Cell viability assay
Cell viability was assessed using the CellTiter 96 AQueous One Solution Cell Proliferation Assay (MTS) (Promega). For 1 test, 20 μL of MTS solution was added to 100 μL of the cultured cells and kept at conditions of 37°C and 5% CO2 for 3 hours, and absorbance at 490 nm was measured using a ClarioStar reader (BMGlabtech). Viability values were calculated by normalizing absorbance of treated cell to the absorbance of their respective untreated controls.
For assessing the response of induced JVM-2 cells with different concentrations of doxycycline to cytarabine, we used the CellTiter-Glo Luminescent Cell Viability Assay (Promega). For each test, 50 μL of CellTiter-Glo reagent was added to an equal volume of cell suspension in 96-well plate and kept on a plate shaker for 20 minutes at room temperature to allow cell lysis. Luminescence was measured using a ClarioStar reader.
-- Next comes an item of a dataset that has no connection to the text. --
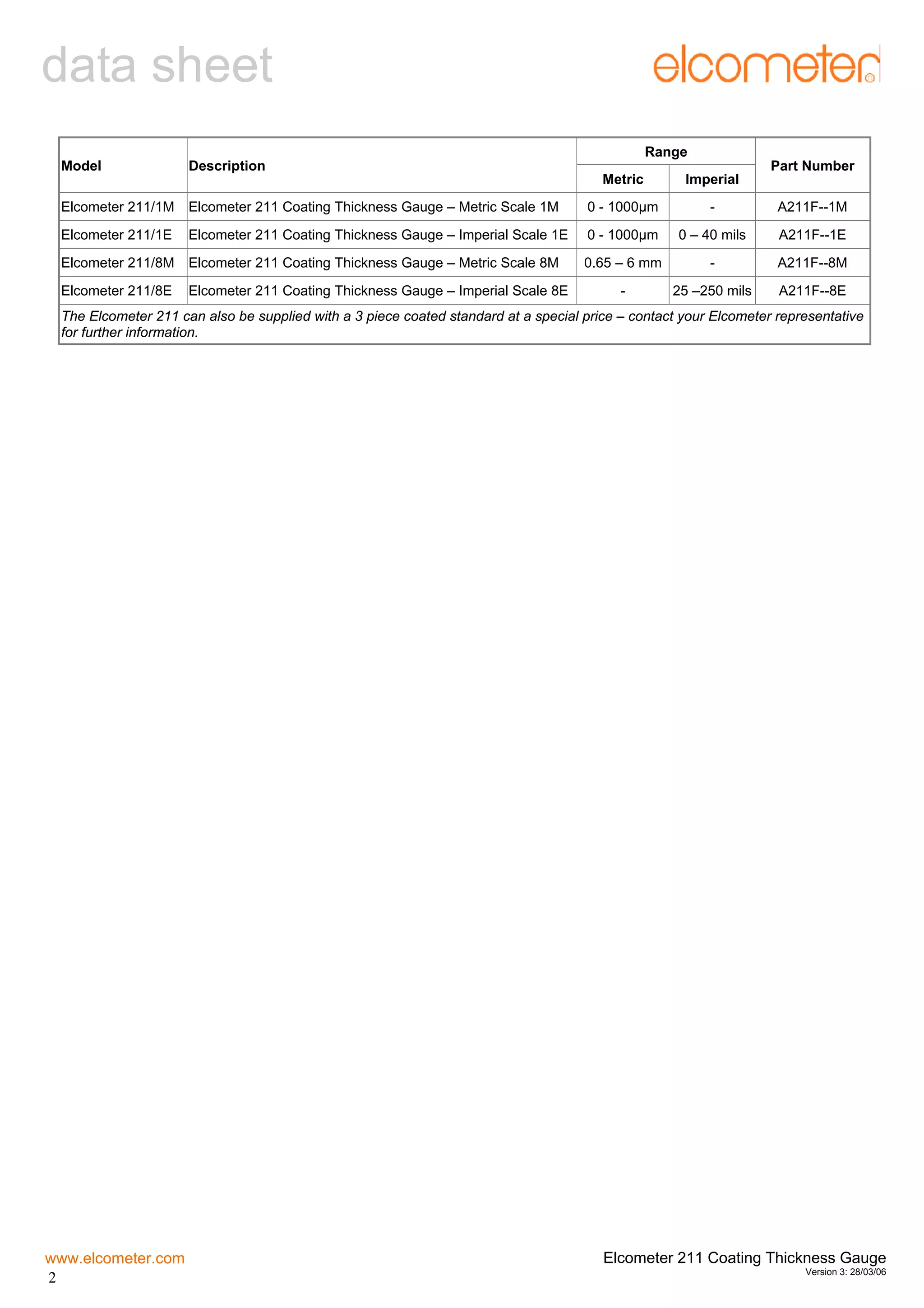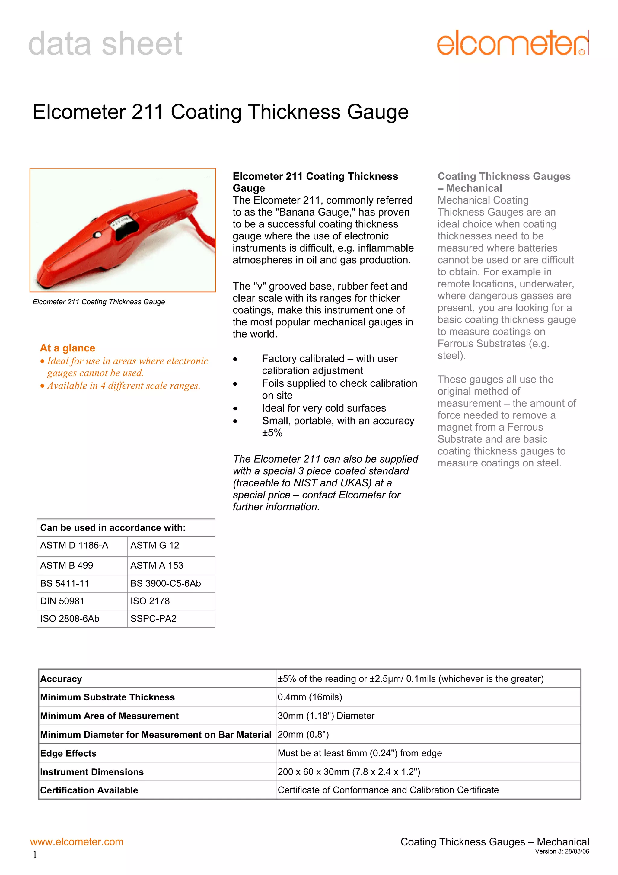 The Elcometer 211 is a mechanical coating thickness gauge ideal for use where electronic gauges cannot be used, such as in inflammable atmospheres. It has a "v" grooved base and clear scale that makes it suitable for measuring thicker coatings. It is portable, accurate to within 5% and can be used on cold surfaces. It is one of the most popular mechanical gauges due to its simple design and wide measurement ranges from 0-1000um or 0.65-6mm.

HPLC-MS/MS assay for measurement of intracellular dNTPs and ara-CTP
Both JVM-2vector and JVM-2iSOX11 treated with 10 μM ara-C for 24 hours were collected, washed with phosphate-buffered saline, and lysed in 65% methanol at 95°C for 3 minutes. Lysed samples were centrifuged at 13 000 rounds per minute; and supernatants underwent speed vacuum dry for subsequent chromatography–tandem mass spectrometry method.37 High-performance liquid chromatography/mass spectrometry (HPLC-MS/MS) is described elsewhere.36
Immunocytochemistry and PLA
Immunofluorescence staining was performed on 4% paraformaldehyde-fixed and 0.1% Triton X-100–permeabilized cells on Superfrost Plus adhesion slides (Thermo Fisher), followed by confocal microscopy imaging. Duolink in situ PLA was performed using a DUO92008 kit (Merck). See the “Methods” section of the supplemental Information for further details.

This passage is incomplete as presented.